Я же просто сидел и жмурился под утренними, но уже припекающими лучами местного солнышка на лавочке под стеной больнички, почесывал ногу под повязками и слушал, а скорее, не слушал бесконечную трескотню сидевшего рядом Санька. Они с Данилычем дней десять как вернулись из своей поездки, и Санек зачастил ко мне, особенно когда я стал выходить во двор и у него появилась возможность погонять в какую-то игру на моем ноутбуке, пока я гуляю. Вот и сейчас, осудив меня за то, что я постоянно подставлял себя под пули, удары и прочие невзгоды, позавидовав моим успехам на службе у Илоны и сравнив ее с Аликс Вэнс из «Халф-Лайф – 2», Санек стал вздыхать и особенно сильно ерзать, поглядывая в сторону открытого окна, за которым находилась моя палата и в ней ноутбук, хотя палатой ее трудно было назвать: просто комната для тяжелых пациентов. В этой крохотной, но хорошо оборудованной больничке таких комнат-палат было всего две. Местные жители не очень любили лежать в больнице и предпочитали лечиться дома, в крайнем случае вызывая врача, и в этих палатах лежали только тяжелораненые и тяжелобольные, которых, в особо тяжелых ситуациях, транспортировали в столичный город, в хорошо обустроенный медицинский центр. Насколько я знал, Вержбицкий немало сделал, чтобы в его городке была именно больница, а не медпункт, вложив основательную сумму в это дело и максимально содействуя приобретению разного оборудования.
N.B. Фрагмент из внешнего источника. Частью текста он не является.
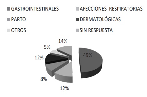 Las afecciones respiratorias fueron el resfrio, tos, pulmonía, dolor de pulmones, y otros, y las afecciones dermatológicas más mencionadas fueron la espundia, heridas, postema, y otros ( Figura 5).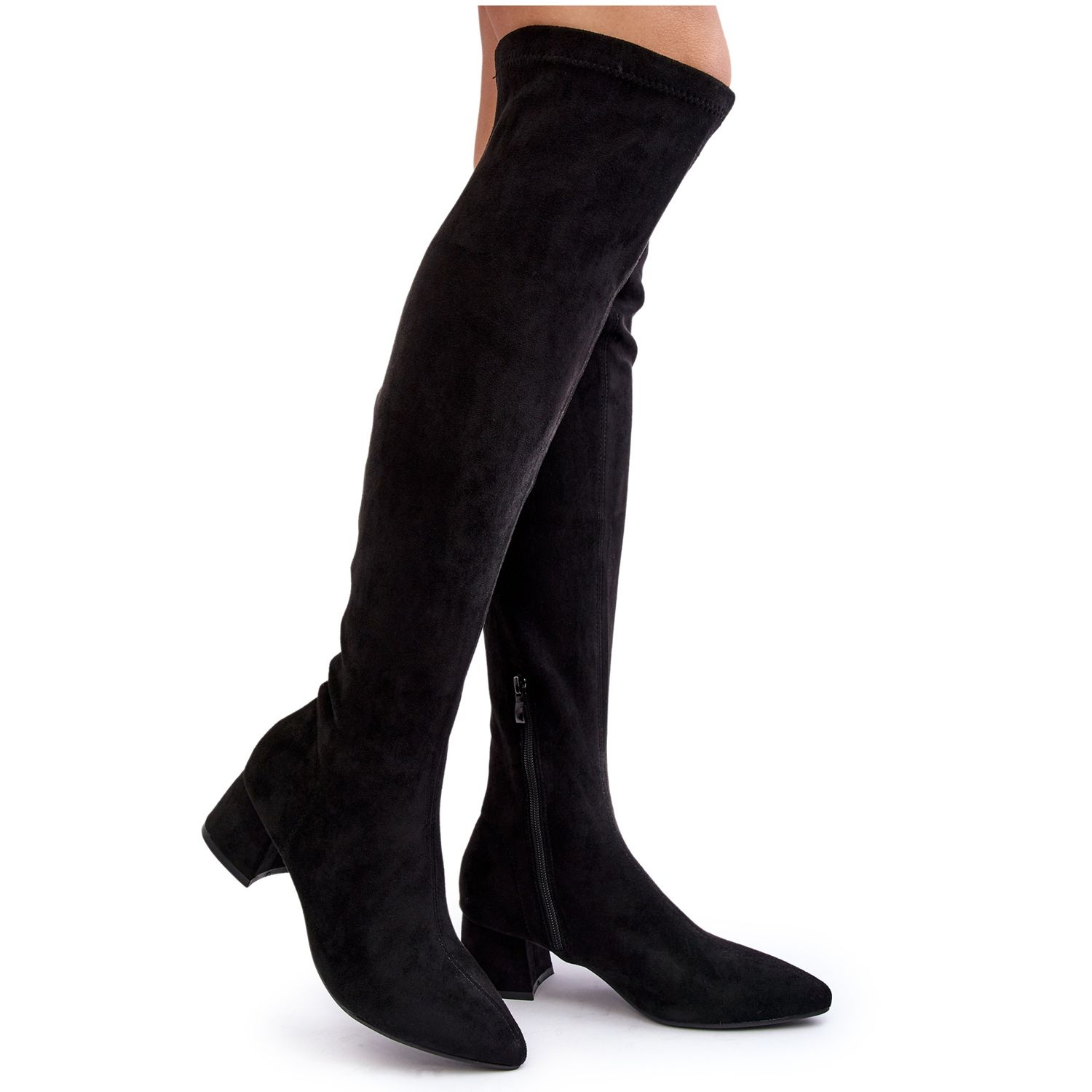 Részletek: Női térd feletti alacsony sarkú csizma fekete Maidna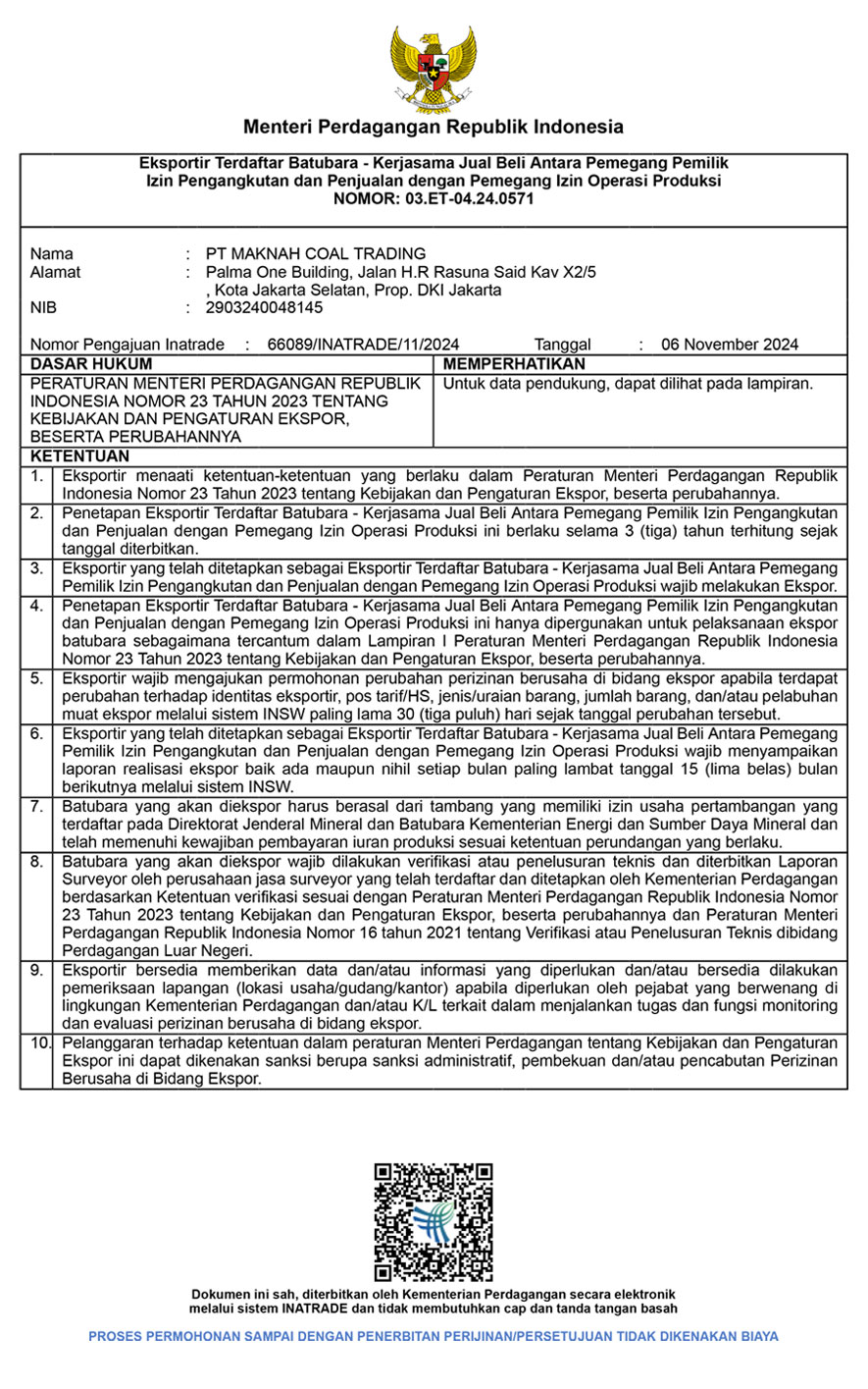 Our operations are fully compliant with all applicable local and international regulations. We hold all necessary licenses and permits to conduct business in the coal industry, ensuring that our activities meet the highest legal and safety standards.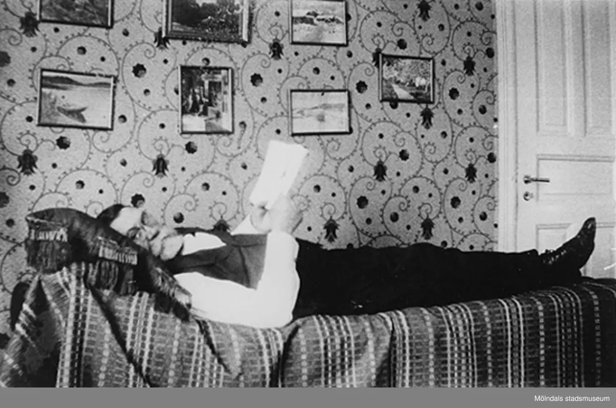 En liggande, äldre man, som tittar in i kameran, 1890-tal.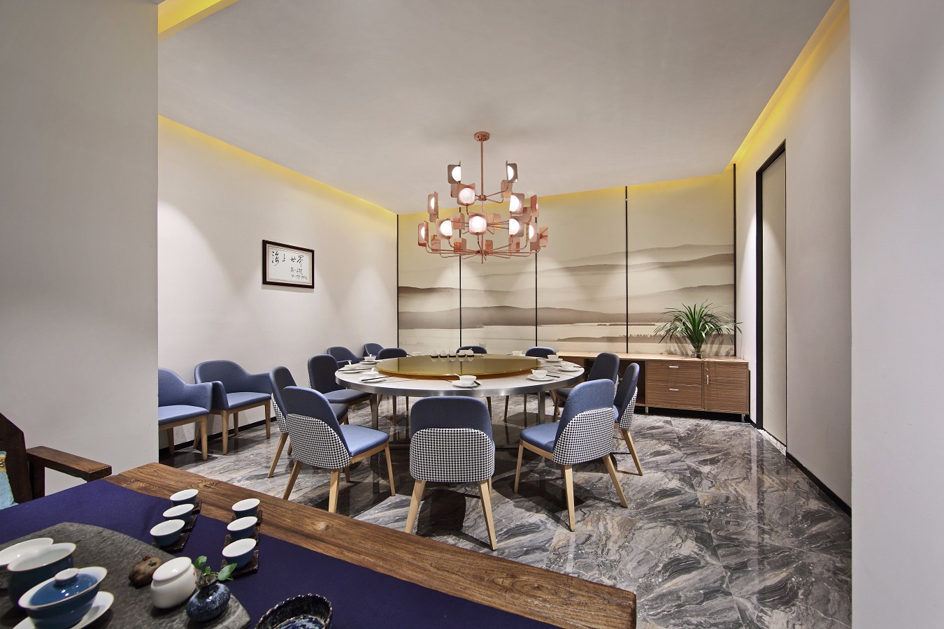 山水墙画与墨纹大理石地砖,铺陈出一幅悠然的山水画卷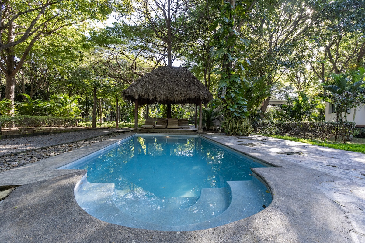 Santa Cruz à San Juan del Sur vous souhaite la bienvenue. Réveillez-vous le matin et profitez d'une vue imprenable sur l'océan sur la baie de San Juan del Sur. Prenez un bain dans votre piscine privée entourée de palmiers et de plantes tropicales. Vous avez une intimité totale dans votre propre pool house. À seulement 5 minutes à pied de la plage et de la ville de San Juan del Sur. Mais Santa Cruz est assez loin de la ville pour être nichée dans votre intimité avec votre piscine privée. Nouveau avec ROKU-TV.
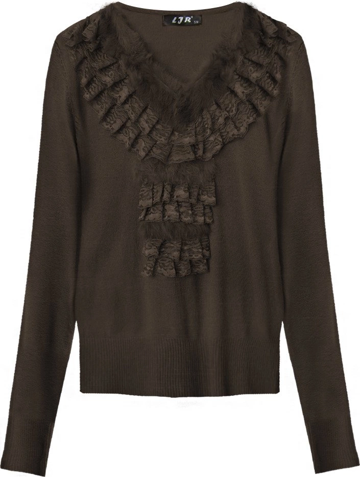 SWETEREK Z OZDOBNYM ŻABOTEM CIEMNOBRĄZOWY (X1535X)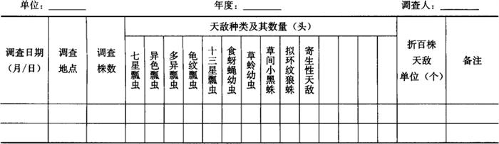 2.3 天敌调查 2.3.1 调查时间 在每次系统调查小麦蚜虫的同时,进行其天敌种类和数量调查。 2.3.2 调查方法 寄生性天敌以僵蚜表示。僵蚜取样点和取样方法与蚜虫相同,每次查完后抹掉;瓢虫类、食蚜蝇幼虫和蜘蛛类随机取5点,每点查0.5m2,用目测、拍打方法调查。将调查天敌的数量分别折算成百株天敌单位,记录结果并汇入小麦蚜虫天敌调查表4-132。 表4-132 小麦蚜虫天敌调查表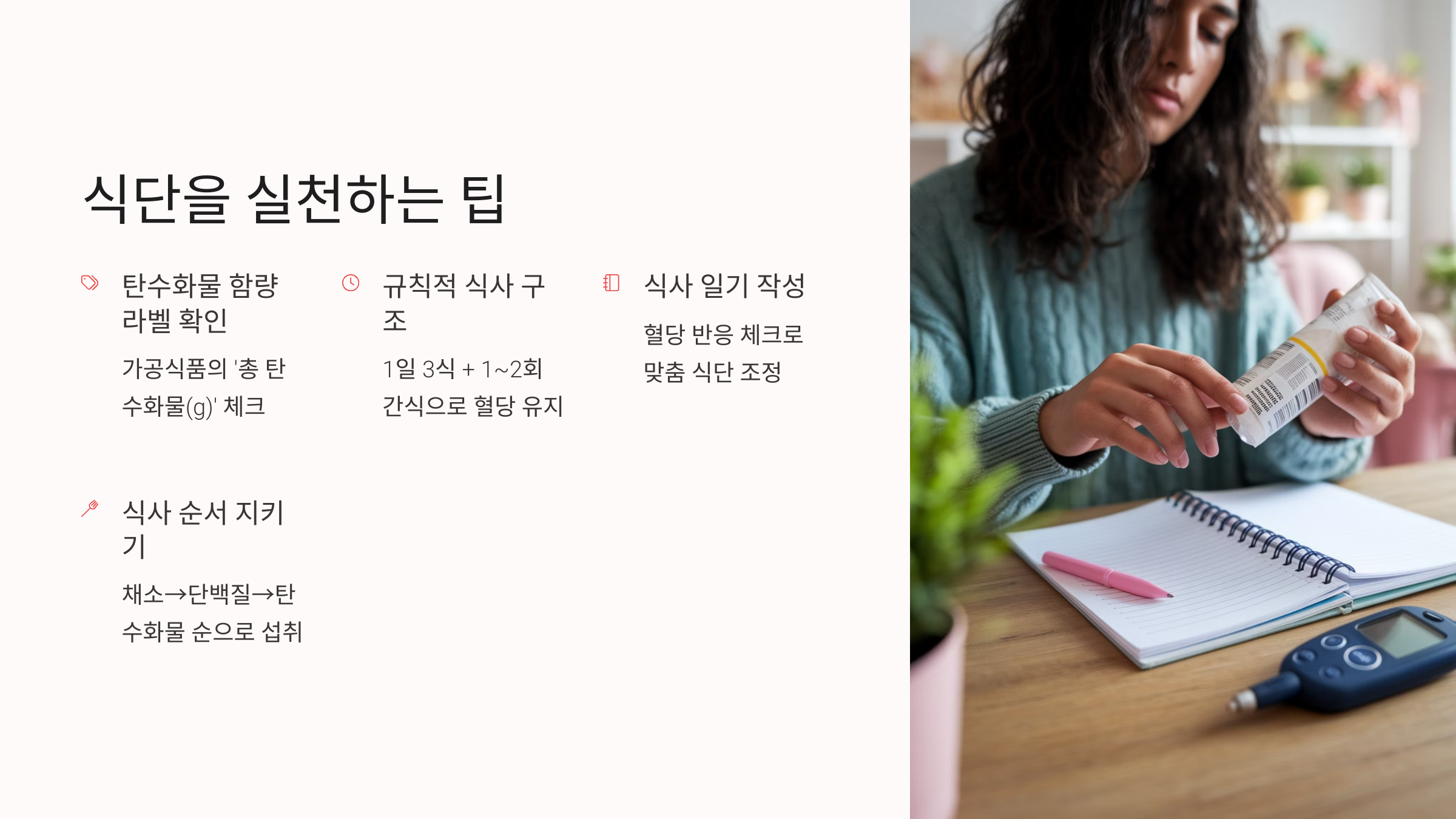 - 탄수화물 함량 라벨 확인: 가공식품 섭취 시 ‘총 탄수화물(g)’ 체크

Теперь эту заботу о местной больнице на себе в полной мере ощутил и я. По крайней мере моей пневмонии здесь были рады.
Я лениво передвинулся в уже не по-весеннему пушистую тень прибольничного деревца и махнул рукой Саньку, поморщившись от тупой боли в заживающей спине:
– Какая Аликс? Ей до Илоны как до Киева рачки! Она же компьютерный персонаж! Объемная бездушная цифровая имитация. Жалкое подобие живой девушки…
Санек ошарашенно-оскорбленно уставился на меня, стараясь подавить, размазать взглядом о больничную стену кощуна, посягнувшего на святое.
– Чего таращишься? – спросил я у него. – Иди, виртуальный мир ждет!
Скорчив горестную гримасу, Санек, тем не менее, поспешно удалился в комнату, пока я не передумал, причем полез прямо через окно. Эх, медперсонал его не видел! Такую бы головомойку устроили…
Я придвинул к себе тарелку с какими-то сдобными пирожками и ватрушками: произведениями кухарки пана Стаха. Она настойчиво снабжала меня ими, а я, не в силах справиться с таким объемом еды, передавал большую часть медперсоналу, весьма обрадованному внеплановой кормежкой. Большую-то часть медиков здесь составляли мужики.
Странно, но после всех событий, после того как меня привезли в больницу, переправив из морозного и ветреного… ну как его там… Илона почти не появлялась возле меня. Она выслушала мои высказывания по поводу срочной доставки карточного долга, когда я отошел от трехдневной спячки, в которой меня держали врачи, и смог адекватно разговаривать, и исчезла. С тех пор я ее больше не видел. Возможно, допускал я, ей было неудобно за ту роль, что она сыграла, нанимая меня для доставки денег на этот… блин, всегда забываю это название…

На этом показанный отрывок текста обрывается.